┌────────
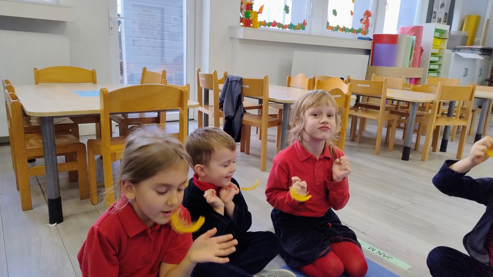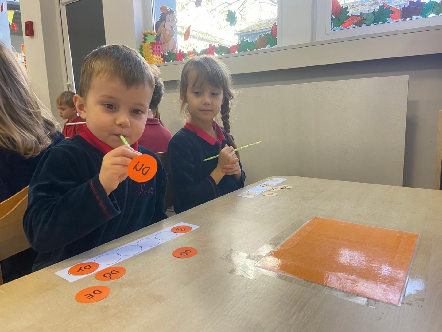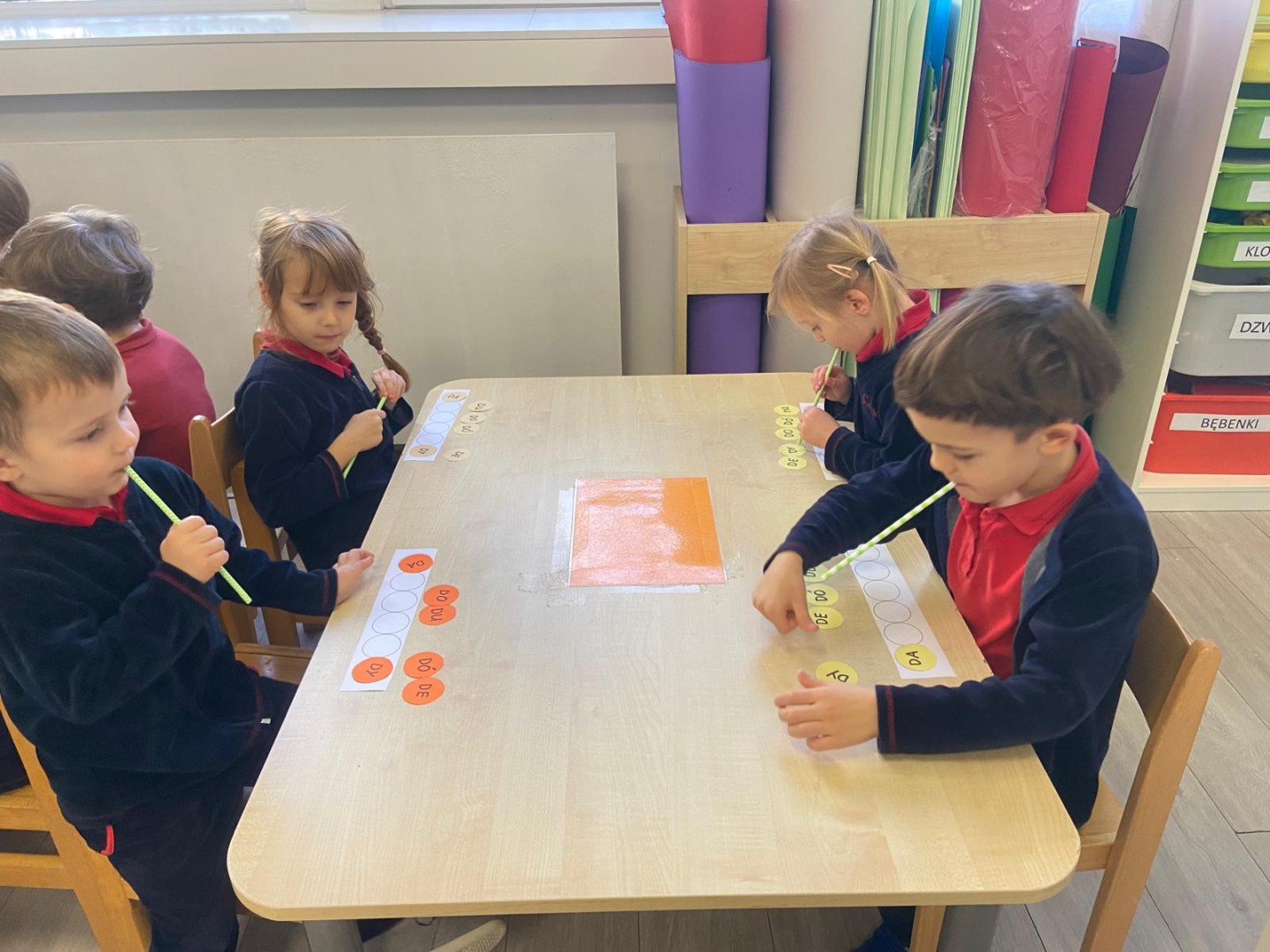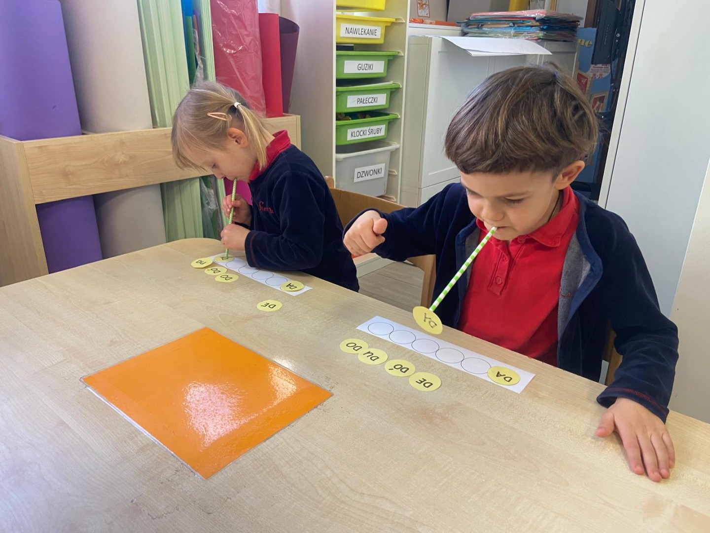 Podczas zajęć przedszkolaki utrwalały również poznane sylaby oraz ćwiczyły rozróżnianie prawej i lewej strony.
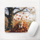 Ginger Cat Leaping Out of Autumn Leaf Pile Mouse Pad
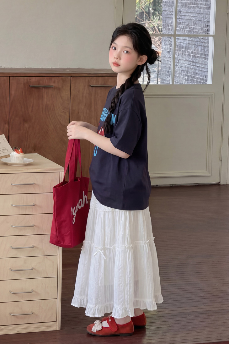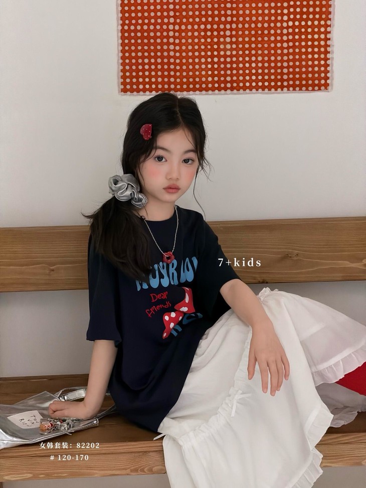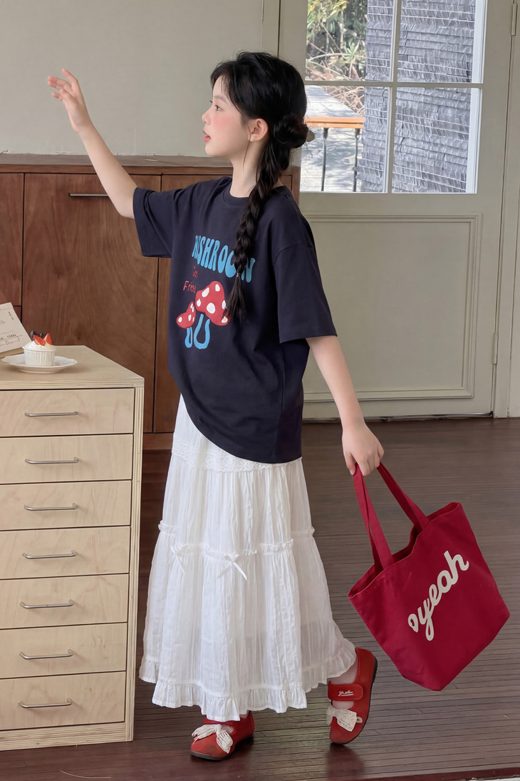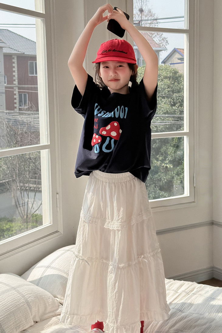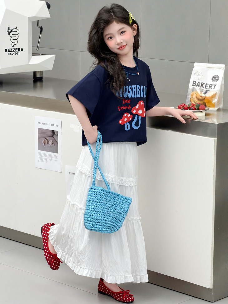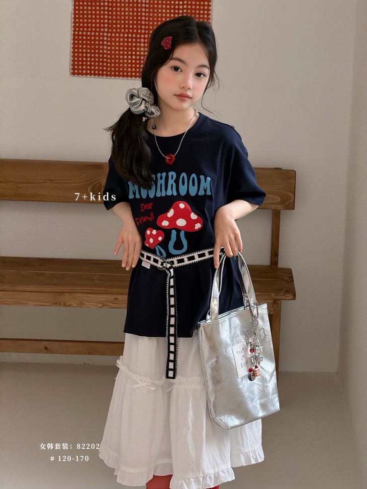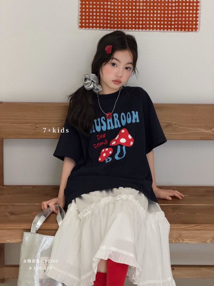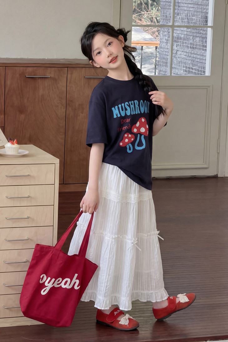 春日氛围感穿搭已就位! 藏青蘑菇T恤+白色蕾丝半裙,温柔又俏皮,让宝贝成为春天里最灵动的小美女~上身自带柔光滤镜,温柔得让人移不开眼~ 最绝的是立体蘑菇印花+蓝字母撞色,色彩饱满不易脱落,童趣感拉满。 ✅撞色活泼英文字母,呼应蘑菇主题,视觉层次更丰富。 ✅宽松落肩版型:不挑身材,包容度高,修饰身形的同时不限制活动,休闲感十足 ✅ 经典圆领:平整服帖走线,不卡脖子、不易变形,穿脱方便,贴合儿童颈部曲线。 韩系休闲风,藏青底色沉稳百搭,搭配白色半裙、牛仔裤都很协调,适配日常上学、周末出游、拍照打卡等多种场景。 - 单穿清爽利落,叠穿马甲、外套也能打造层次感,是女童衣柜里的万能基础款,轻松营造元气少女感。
└────────
┌────────
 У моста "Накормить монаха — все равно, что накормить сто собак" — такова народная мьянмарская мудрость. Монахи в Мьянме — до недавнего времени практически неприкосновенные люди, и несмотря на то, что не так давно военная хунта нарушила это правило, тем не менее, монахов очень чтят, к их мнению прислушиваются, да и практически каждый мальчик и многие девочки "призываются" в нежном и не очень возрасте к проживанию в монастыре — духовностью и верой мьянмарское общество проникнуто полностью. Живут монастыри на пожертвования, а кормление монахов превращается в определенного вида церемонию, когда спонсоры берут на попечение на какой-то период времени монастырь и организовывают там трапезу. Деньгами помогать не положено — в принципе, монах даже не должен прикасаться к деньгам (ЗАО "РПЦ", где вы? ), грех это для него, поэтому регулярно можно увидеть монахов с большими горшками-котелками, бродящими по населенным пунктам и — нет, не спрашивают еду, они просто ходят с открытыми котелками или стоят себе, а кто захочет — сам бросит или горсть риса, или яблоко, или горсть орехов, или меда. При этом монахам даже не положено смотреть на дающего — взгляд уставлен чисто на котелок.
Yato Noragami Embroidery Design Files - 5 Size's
└────────
┌────────
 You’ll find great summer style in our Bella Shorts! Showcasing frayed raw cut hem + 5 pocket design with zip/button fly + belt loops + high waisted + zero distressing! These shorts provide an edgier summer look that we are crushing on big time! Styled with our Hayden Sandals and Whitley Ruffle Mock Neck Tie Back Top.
└────────
■ TASK PROMPT
Leave the pictures out. Output, exactly, the lines of the material above starting at the line containing "Podczas zajęć przedszkolaki" and ending at the line containing "Ginger Cat Leaping".

■ WRITTEN ANSWER
 Podczas zajęć przedszkolaki utrwalały również poznane sylaby oraz ćwiczyły rozróżnianie prawej i lewej strony.
 Ginger Cat Leaping Out of Autumn Leaf Pile Mouse Pad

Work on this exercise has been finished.